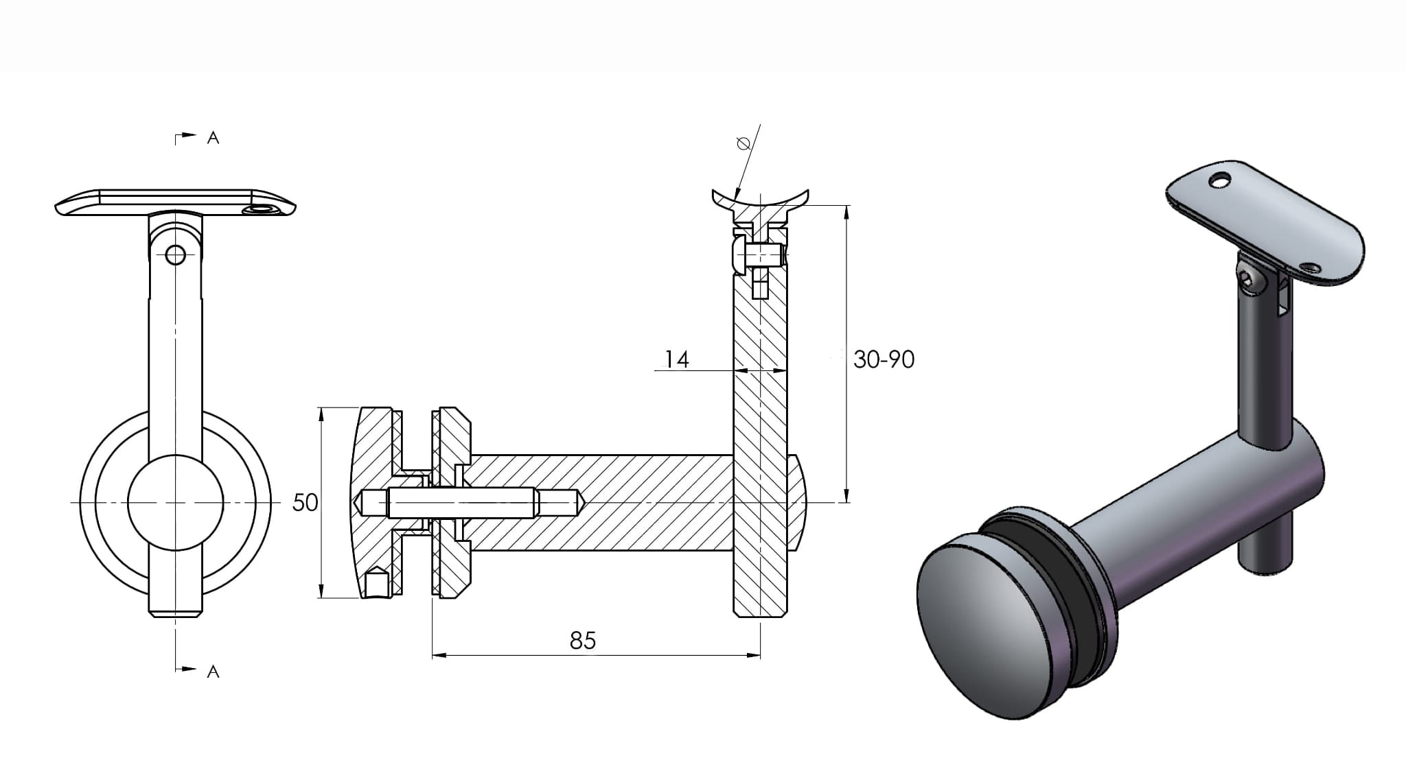 Fi xation „main courante (profil) –verre (entretoise Ø 50mm) - réglable, AISI 304, brossé
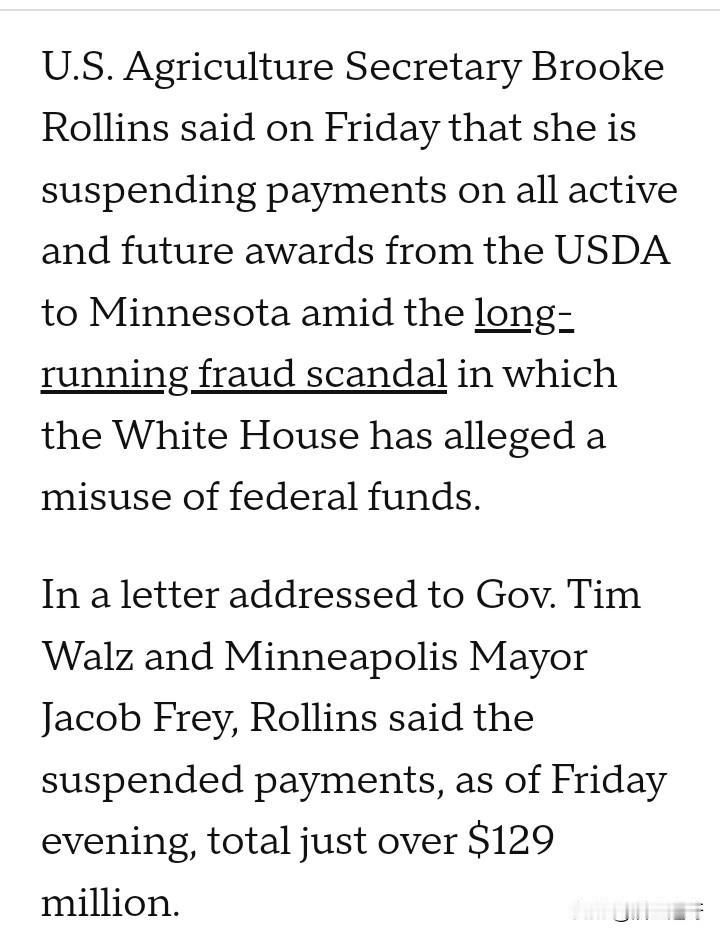 美国明尼苏达州明尼阿波利斯发生移民和海关执法局当街枪杀37岁女子,然后包括明尼阿波利斯在内的其他州市爆发了强烈抗议示威活动,然后,美国农业部干了这个事:鉴于长期存在的欺诈丑闻,暂停向明尼苏达州拨款,被暂停的金额超过$1.29亿美元,涵盖托儿补贴、食物补贴、低收入与残疾人的现金补贴、医保报销等。 参考信息:明尼苏达州是蓝州,民主党人主政。 🤔 川普目的明确:为自己的中期选举做准备。 明尼苏达州
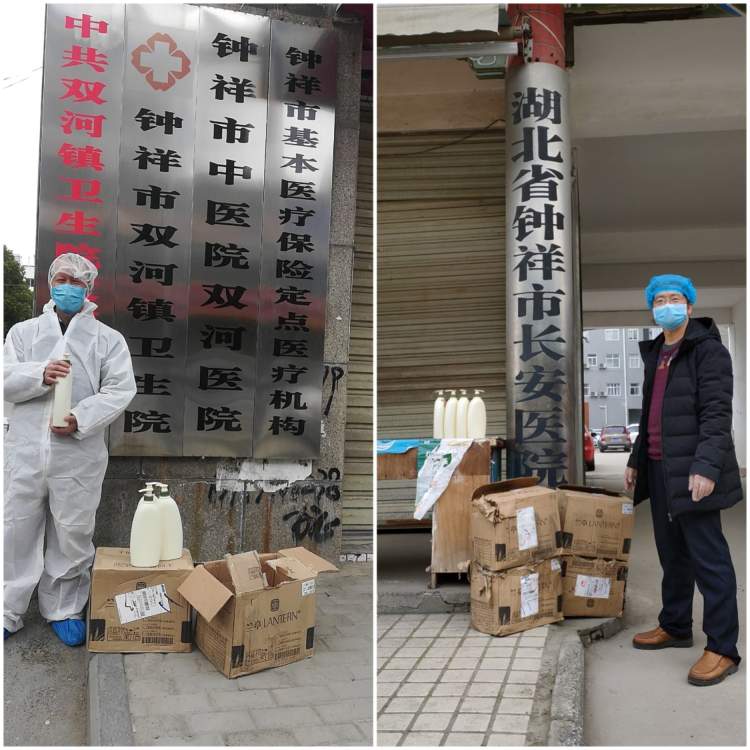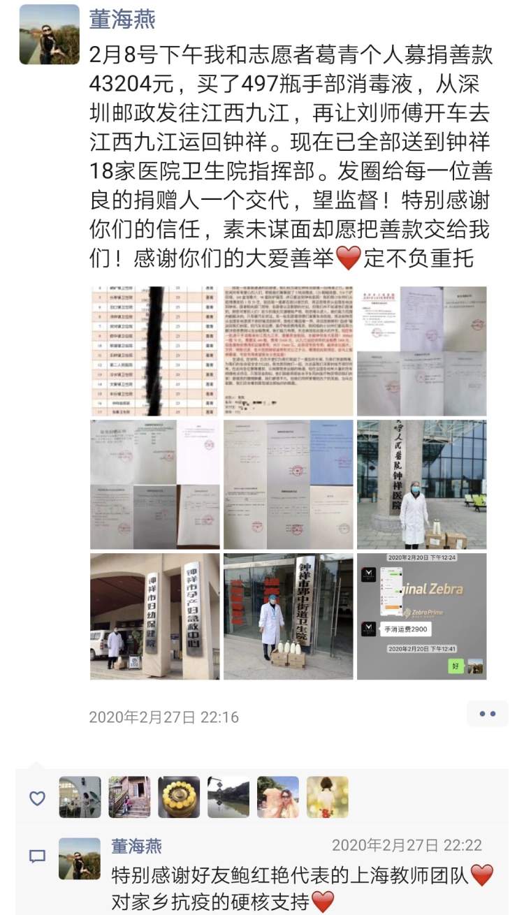 鲍红艳有一位朋友,是钟祥市志愿者,对接捐赠免洗消毒液缺两万资金。得知这个消息,她第一时间发动同事、同学、朋友募捐,得到了大家的积极响应,很快就募捐到两万余元,购买手部消毒液,对捐给湖北钟祥市18家乡镇医院。在得知疫情越来越严重,家乡的医院一个防护镜要几个医生轮流用的时候,防护服、口罩、消毒液等物质严重储备不足的时候,通过各种渠道一共募集口罩2000余个,160个防护镜和90套防护服,第一时间发回家乡。
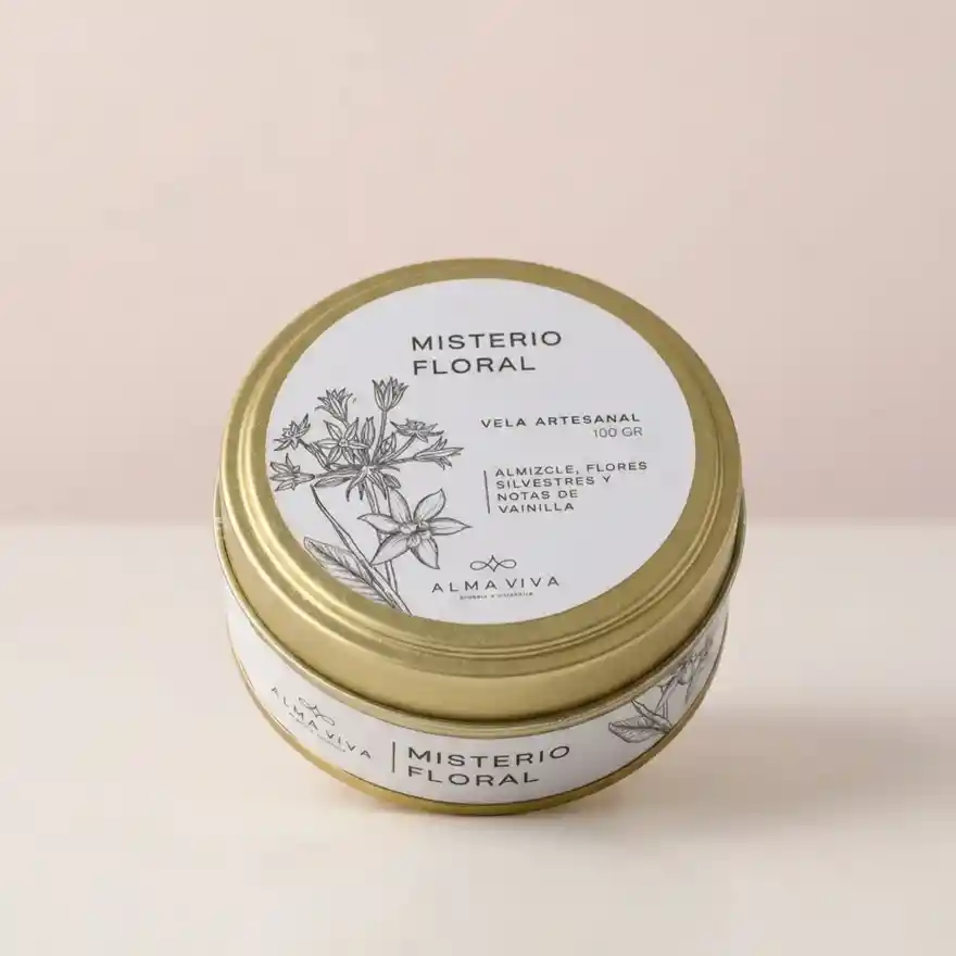 Vela a base de cera de soya y cera convencional , Fragancias: Almizcle, Flores Silvestres y Notas de Vainilal
□ □ □
TASK TO CARRY OUT:
Write out exactly and only the lines that run from the start of the data above through the line containing "参考信息:明尼苏达州是蓝州,民主党人主政。 🤔 川普目的明确:为自己的中期选举做准备。 明尼苏达州", leaving the pictures out.

WRITTEN SOLUTION:
 Fi xation „main courante (profil) –verre (entretoise Ø 50mm) - réglable, AISI 304, brossé
 美国明尼苏达州明尼阿波利斯发生移民和海关执法局当街枪杀37岁女子,然后包括明尼阿波利斯在内的其他州市爆发了强烈抗议示威活动,然后,美国农业部干了这个事:鉴于长期存在的欺诈丑闻,暂停向明尼苏达州拨款,被暂停的金额超过$1.29亿美元,涵盖托儿补贴、食物补贴、低收入与残疾人的现金补贴、医保报销等。 参考信息:明尼苏达州是蓝州,民主党人主政。 🤔 川普目的明确:为自己的中期选举做准备。 明尼苏达州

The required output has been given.